How to convert rdd object to dataframe in spark

Question

How can I convert an RDD (org.apache.spark.rdd.RDD[org.apache.spark.sql.Row]) to a Dataframe org.apache.spark.sql.DataFrame. I converted a dataframe to rdd using .rdd. After processing it I want it back in dataframe.
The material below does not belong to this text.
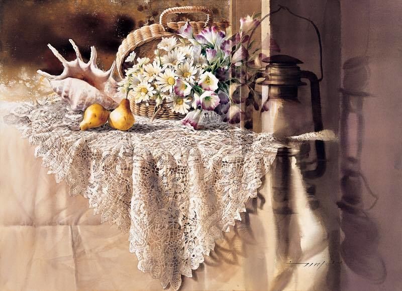 Сегодня хочу представить вам работы современной корейской художницы You Mee Park. Ее чудесные акварельные натюрморты, картины цветов наполнены своим особым метафизическим смыслом и философией. Работы ее разнообразны: и совершенно живые, кажется, написаны в несколько прикосновений к бумаге, и подробные, с кропотливой проработкой деталей и сюжета (оцените кружева салфеток)!

How can I do this ?

Answer 1

This code works perfectly from Spark 2.x with Scala 2.11

Import necessary classes

import org.apache.spark.sql.{Row, SparkSession}
import org.apache.spark.sql.types.{DoubleType, StringType, StructField, StructType}

Create SparkSession Object, and Here it's spark

val spark: SparkSession = SparkSession.builder.master("local").getOrCreate
val sc = spark.sparkContext // Just used to create test RDDs

Let's an RDD to make it DataFrame

val rdd = sc.parallelize(
  Seq(
    ("first", Array(2.0, 1.0, 2.1, 5.4)),
    ("test", Array(1.5, 0.5, 0.9, 3.7)),
    ("choose", Array(8.0, 2.9, 9.1, 2.5))
  )
)

##Method 1 Using SparkSession.createDataFrame(RDD obj).

val dfWithoutSchema = spark.createDataFrame(rdd)

dfWithoutSchema.show()
+------+--------------------+
|    _1|                  _2|
+------+--------------------+
| first|[2.0, 1.0, 2.1, 5.4]|
|  test|[1.5, 0.5, 0.9, 3.7]|
|choose|[8.0, 2.9, 9.1, 2.5]|
+------+--------------------+

##Method 2 Using SparkSession.createDataFrame(RDD obj) and specifying column names.

val dfWithSchema = spark.createDataFrame(rdd).toDF("id", "vals")

dfWithSchema.show()
+------+--------------------+
|    id|                vals|
+------+--------------------+
| first|[2.0, 1.0, 2.1, 5.4]|
|  test|[1.5, 0.5, 0.9, 3.7]|
|choose|[8.0, 2.9, 9.1, 2.5]|
+------+--------------------+

##Method 3 (Actual answer to the question) This way requires the input rdd should be of type RDD[Row].

val rowsRdd: RDD[Row] = sc.parallelize(
  Seq(
    Row("first", 2.0, 7.0),
    Row("second", 3.5, 2.5),
    Row("third", 7.0, 5.9)
  )
)

create the schema

val schema = new StructType()
  .add(StructField("id", StringType, true))
  .add(StructField("val1", DoubleType, true))
  .add(StructField("val2", DoubleType, true))

Now apply both rowsRdd and schema to createDataFrame()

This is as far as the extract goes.